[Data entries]
----

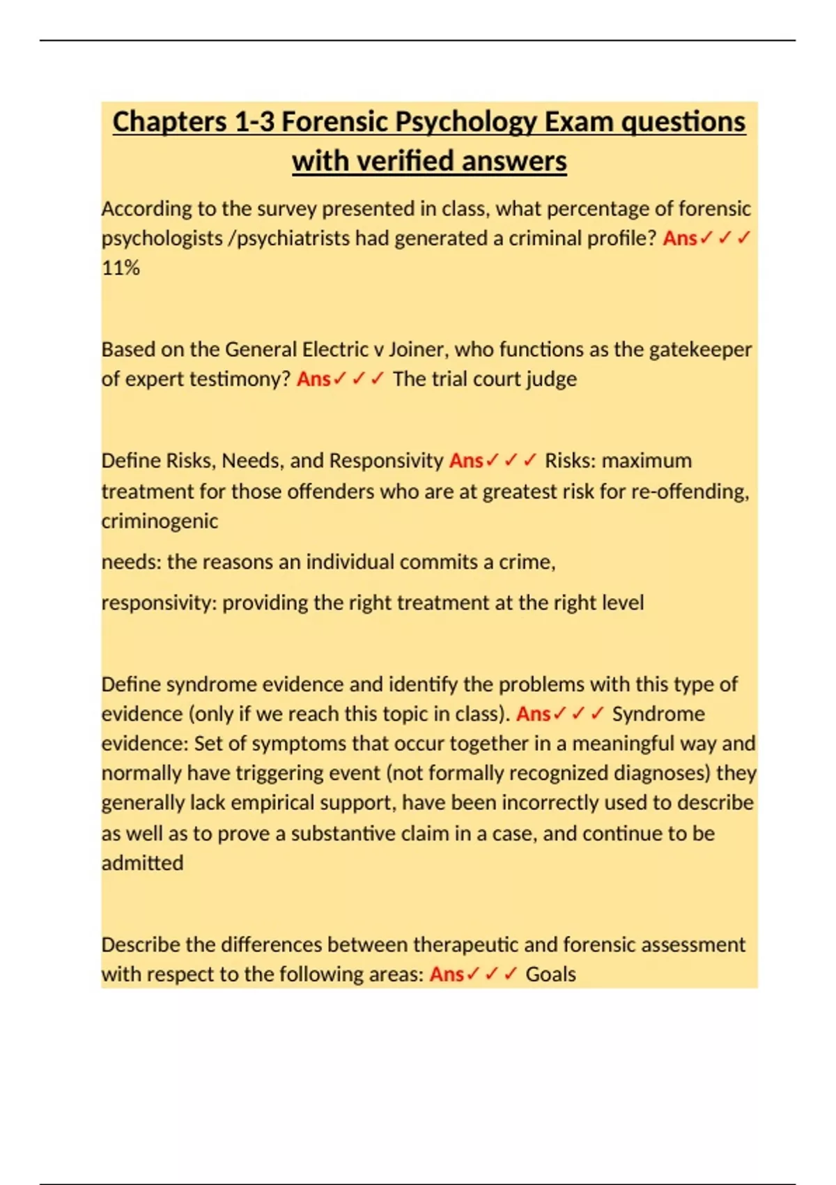 evidence (only if we reach this topic in class). Ans✓✓✓ Syndrome
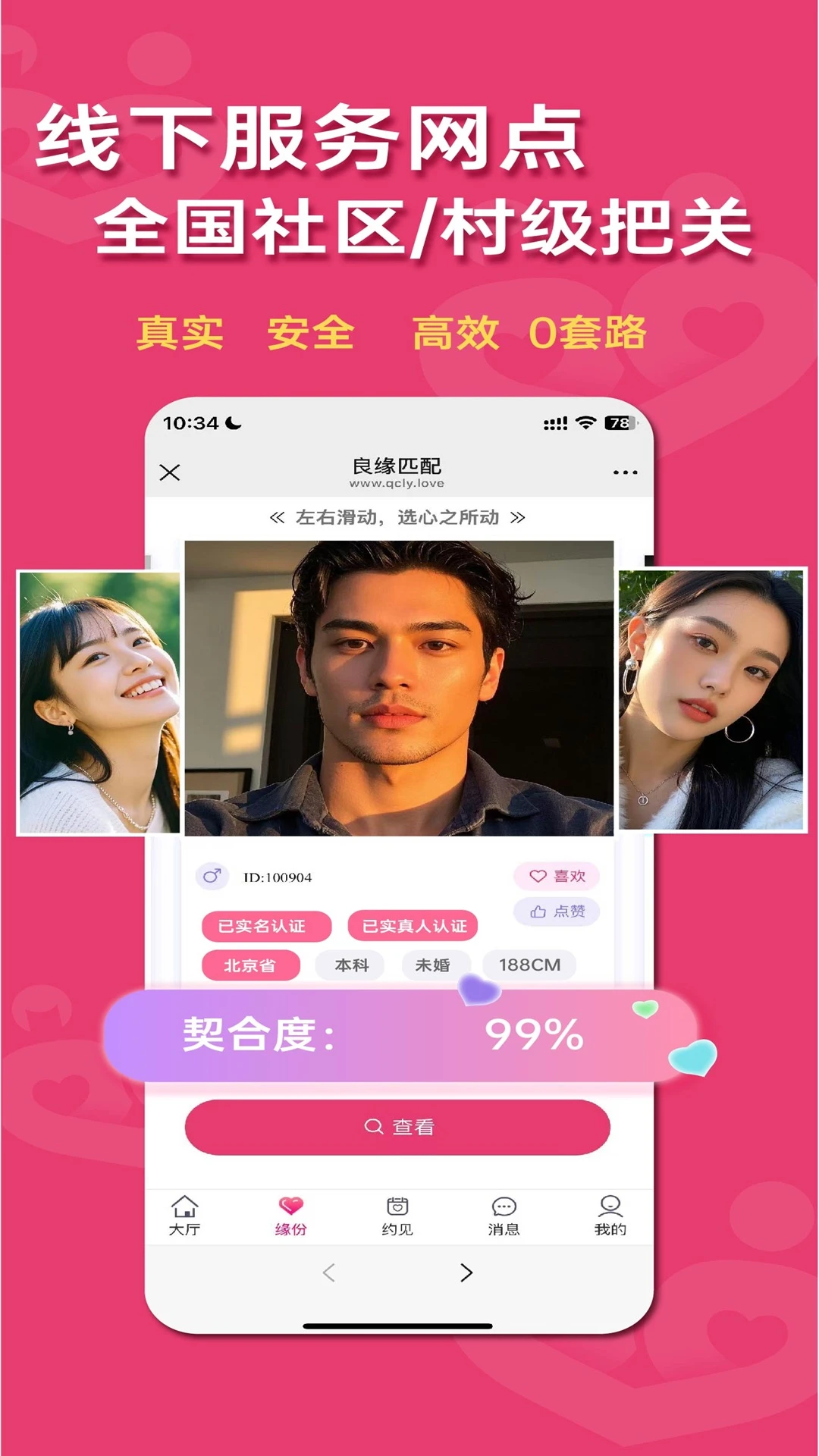 牵诚良缘是一款专注于婚恋交友与情感服务的公益平台,致力于为单身人士提供安全、可靠的社交环境。平台以婚恋为核心,融合交友联谊、暖心互动和婚育文化宣传等功能,帮助用户建立真诚的情感连接。通过实名认证和严格审核机制,牵诚良缘确保用户信息的真实性,同时倡导健康婚恋观,助力幸福婚姻的缔造。无论是寻找终身伴侣还是拓展社交圈,这里都能满足不同用户的需求。
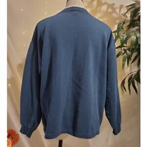 Vtg Morning Sun Bird Button Sweatshirt Womens Size L Granny Blue Pockets Cabin
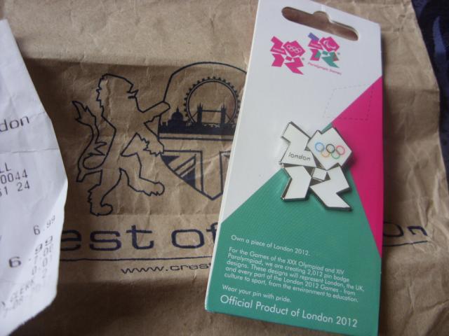Ženklelis skirtas olimpinėms žaidynėms Londone. Naujas, įpakuotas. Kainavo 7 svarus.
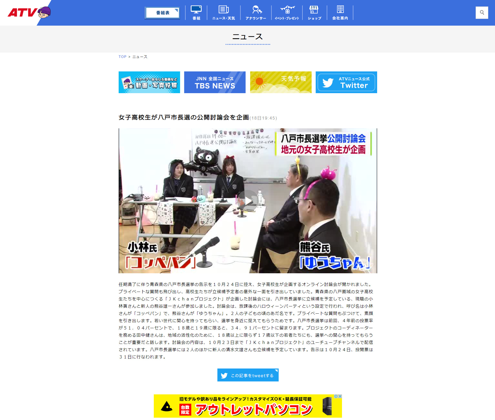 2021年10月16日(土)に開催された「JKchanが八戸市長選挙立候補予定者とおしゃべりするヤバい公開討論会」に関するニュースが、青森県のTBS系列局ATV青森テレビのニュース番組「わっちNEWS(2021年10月18日放送分)」で紹介されました♪
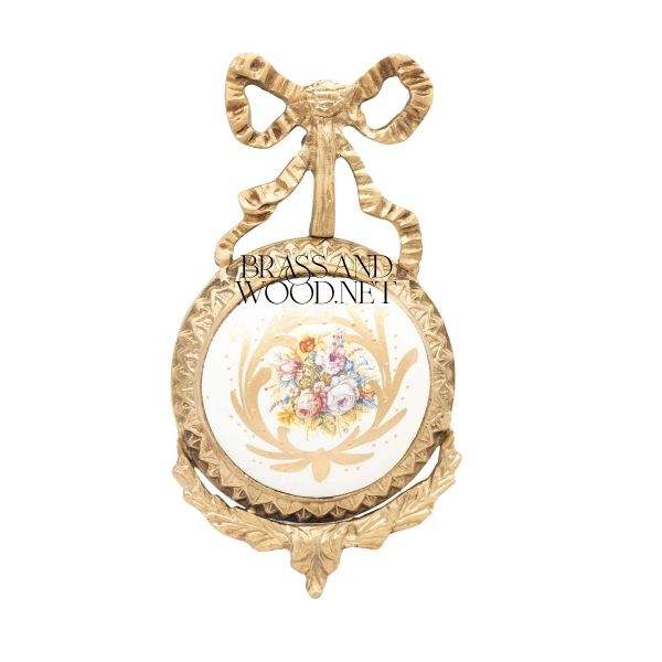 antique brass decorative ornate frame with porcelain painting of floral bouquet golden ribbon design vintage artwork home decor
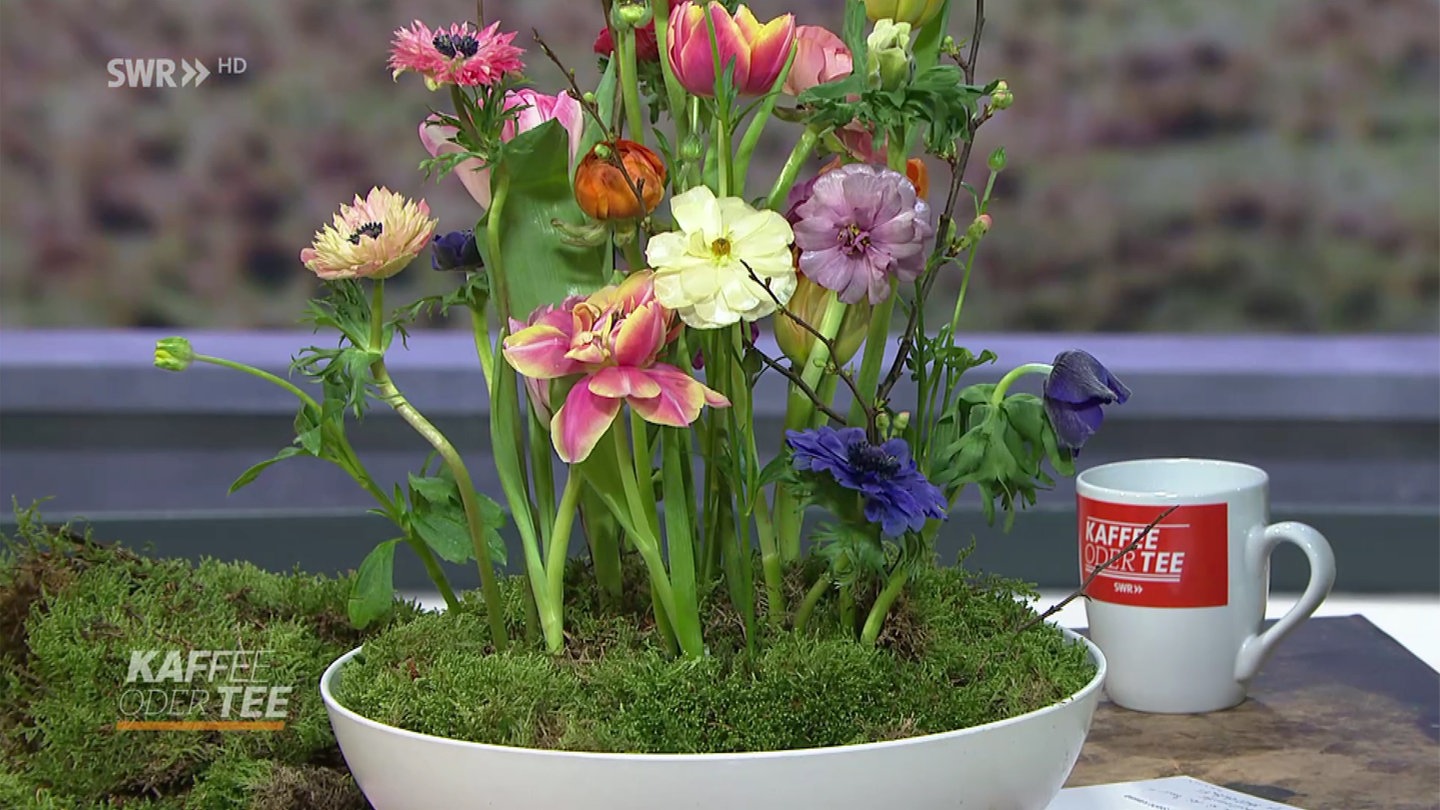 In den Blumenläden steht alles auf Frühling! Floristin Katja Steinhagen kombiniert verschiedene Frühlingsblumen zu einer bunten gesteckten Tischdekoration.
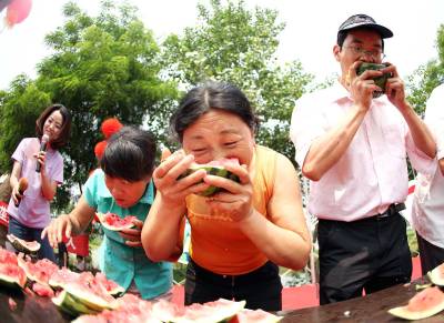6月4日,荆门市掇刀区掇刀石街道办事处双井村村民以举行吃西瓜大赛的形式,来表达对西瓜丰收的喜悦心情。今年,该村采用”合作社+基地+农户”的产业化经营模式发展无公害大棚礼品西瓜,成为荆门市”精品西瓜第一村”。目前,在该村的带动下,掇刀区共种植西瓜2000亩,200多户村民靠西瓜走上了致富之路。本报视界网赵平摄

----

* **EXERCISE AIM**
Above are some entries. Restate word for word the lines from the one holding "antique brass decorative" through the one holding "In den Blumenläden", but not the pictures.

* **EXERCISE RESULT**
 antique brass decorative ornate frame with porcelain painting of floral bouquet golden ribbon design vintage artwork home decor
 In den Blumenläden steht alles auf Frühling! Floristin Katja Steinhagen kombiniert verschiedene Frühlingsblumen zu einer bunten gesteckten Tischdekoration.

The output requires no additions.